© Jenny Balmefrézol
De la pollinisation des abeilles dépend près de soixante-dix pour cent des aliments que nous consommons pour vivre et grandir. Ne se contentant pas de cette mission, les abeilles produisent miel, propolis, gelée royale, pollen, cire et venin : la ruche regorge de médecines douces et efficaces qui ne datent pas d’aujourd’hui. Identifié parmi les remèdes de grand-mère, le miel est bien connu. Qu’en est-il des autres produits de la ruche ? Quelles sont leurs vertus et comment les utiliser ?

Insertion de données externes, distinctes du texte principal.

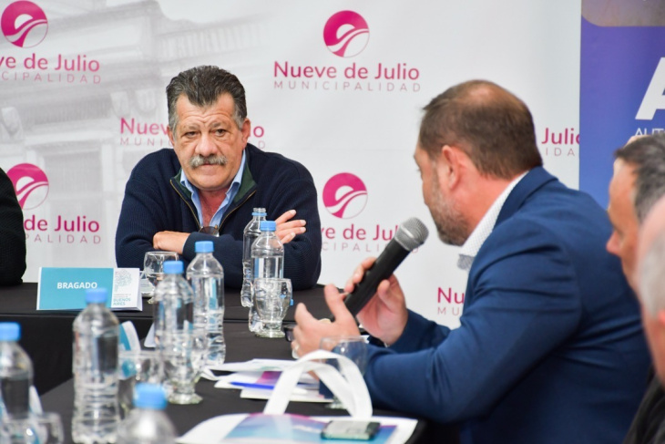 El encuentro tuvo lugar en el contexto de crisis hídrica que afecta a la región, con la presencia de los intendentes María José Gentile (Intendente de Nueve de Julio), Salvador Serenal (Lincoln), Sergio Barenghi (Bragado), Franco Flexas (General Viamonte); además del presidente de la Autoridad del Agua (ADA), Damián Costamagna (presidente); y el director provincial de Hidráulica, Flavio Seiano.

Quinze mille à soixante mille ouvrières, jusqu’à deux mille faux bourdons1 pour une seule reine : la ruche pourrait être comparée à une entreprise coopérative très organisée qui fonctionne avec précision et où chaque élément a une importance capitale. Par définition, apithérapie signifie « médecine des abeilles » (du latin apis, abeilles, et du grec « thérapie », cure, soin). « L’apithérapie est donc l’action des abeilles pour stimuler nos forces vitales, soulager nos maux et nous aider à guérir.2 » Elle a actuellement une place importante parmi les médecines naturelles et commence même à avoir ses entrées à l’hôpital. Il existe des thérapeutes praticiens en apithérapie3 mais il est aussi possible de se soigner par soi-même.

Le miel

Il est élaboré par le tube digestif des abeilles à partir du nectar des fleurs. Les ouvrières se nourrissent de cette préparation dont la composition varie selon son origine florale. Plus de cent quatre-vingts substances ont été identifiées. Il a une forte concentration de glucose proche de quatre-vingts pour cent. En médecine traditionnelle chinoise, le miel est présenté comme un condensé d’énergies bien que très pauvre en vitamines et minéraux. En phytothérapie européenne, il est considéré comme anti-anémique : c’est un alicament. Pour l’anecdote, sachez que « pour produire 500 grammes de miel, les abeilles doivent effectuer 1 700 voyages, visiter 8 700 000 fleurs, le tout présentant 7 000 heures de travail4 ». Les usages du miel sont multiples et dépendent du type de nectar butiné (acacia, thym...). Pour qu’il soit efficace, la méthode d’extraction est importante afin qu’il conserve ses propriétés thérapeutiques (miel naturel non chauffé). Reconnu comme adoucissant et antitussif, l’habitude de le consommer par voie interne en cas de maux de gorge et d’affections respiratoires est commune à nombre d’entre nous. Ce qui l’est moins c’est son usage en cataplasmes sur les plaies et les brûlures pour profiter de ses effets antiseptique, cicatrisant et antalgique qui font aujourd’hui leurs preuves à l’hôpital. Utilisé aussi en cosmétique, le miel fait des merveilles en cas d’acné quand il est mélangé au citron et posé en masque une dizaine de minutes. La consommation de miel est contre-indiquée avant 1 an (risque de botulisme), en cas de mucosités (toux grasse) et de […]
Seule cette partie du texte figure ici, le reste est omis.